In summary, therefore the mentalist views of L1 acquisition posited the following:
1. Language is a human-specific faculty.
2. Language exists as an independent faculty in the human mind i.e. although it is part of the learner’s total cognitive apparatus. it is separate from the general cognitive mechanisms responsible for intellectual development.
3. The primary determinant of L1 acquisition is the child’s ‘acquisition device’, which is genetically endowed and provides the child with a set of principles about grammar.
4. The ‘acquisition device’ atrophies with age.
5. The process of acquisition consists of hypothesis-testing, by which means the grammar of the learner’s mother tongue is related to the principles of the ‘universal grammar’.
According to mentalist accounts of L1 acquisition, language acquisition is a universal process. The term process is used with two related meanings. It refers both to the sequence of development and to the factors that determine how acquisition takes place.
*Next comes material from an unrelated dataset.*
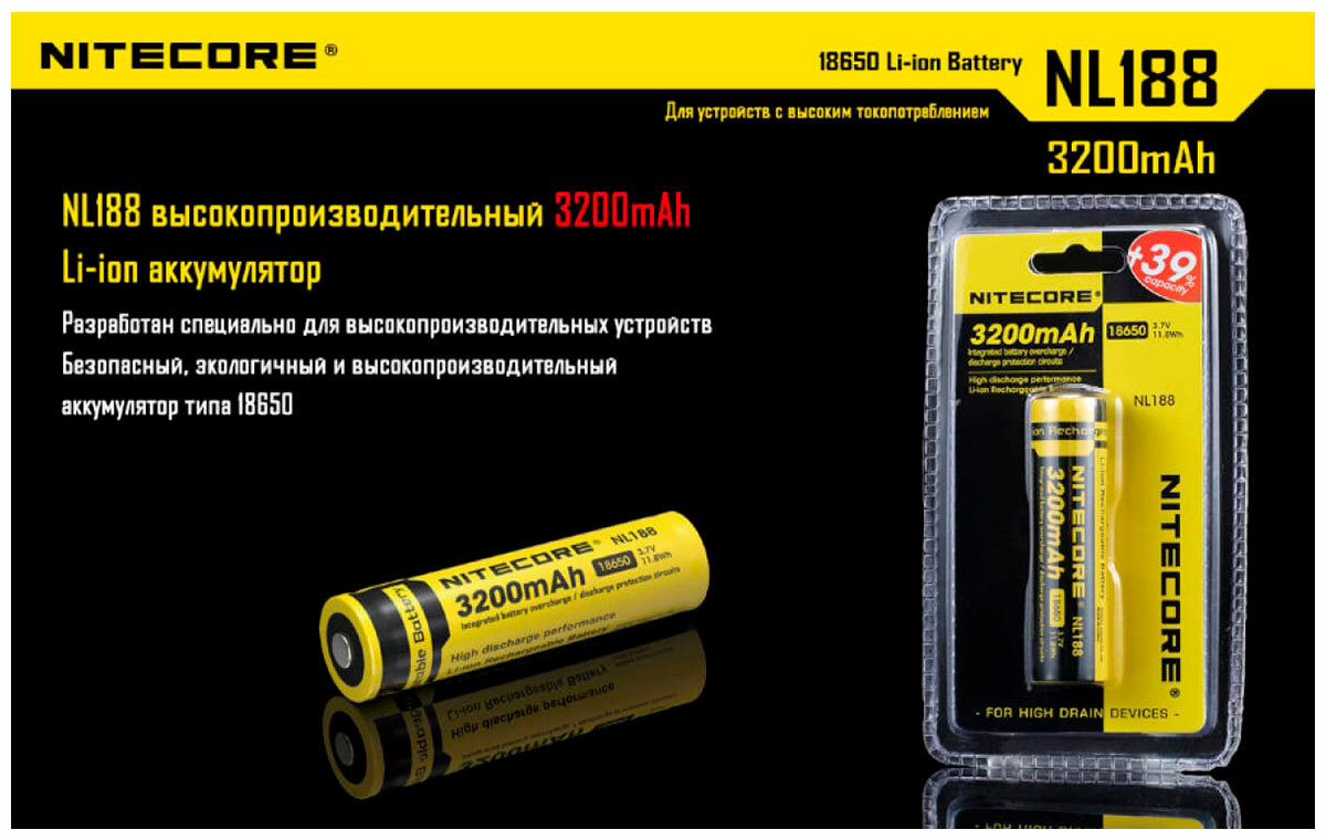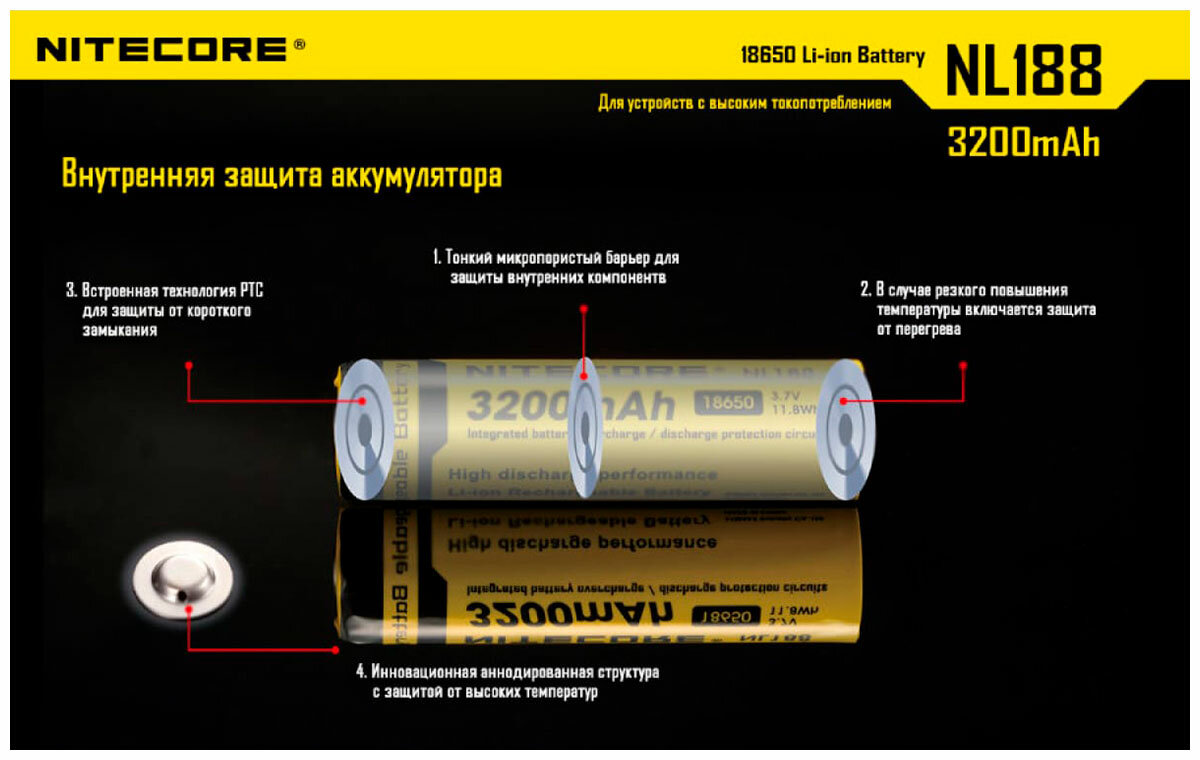 Аккумуляторы и батарейки Аккумулятор Nitecore NL1832 18650 3.7v 3200mA

The natural sequence also suggests that there must be underlying mechanisms which are common to all learners and which are responsible for the route taken. There is, however, somewhat less agreement about precisely what these mechanisms consists of. The mentalist claim that the processes are internal and operate largely independently of environmental influences is not longer entirely defensible, as we shall see.
Interlanguage
The term interlanguage was first used by Selinker (1972). Various alternative terms have been used by different researchers to refer to the same phenomenon; Nemser (1971) refers to approximative systems, and Corder (1971) to idiosyncratic dialects and transitional competence. These terms reflected two related but different concepts. Fist, interlanguage refers to the structured system which the learner constructs at any given stage in his development (i.e. an interlanguage). Second, the term refers to the series of interlocking systems which form what Corder (1967) called the learner’s ‘built-in syllabus’ (i.e. the interlanguage continuum)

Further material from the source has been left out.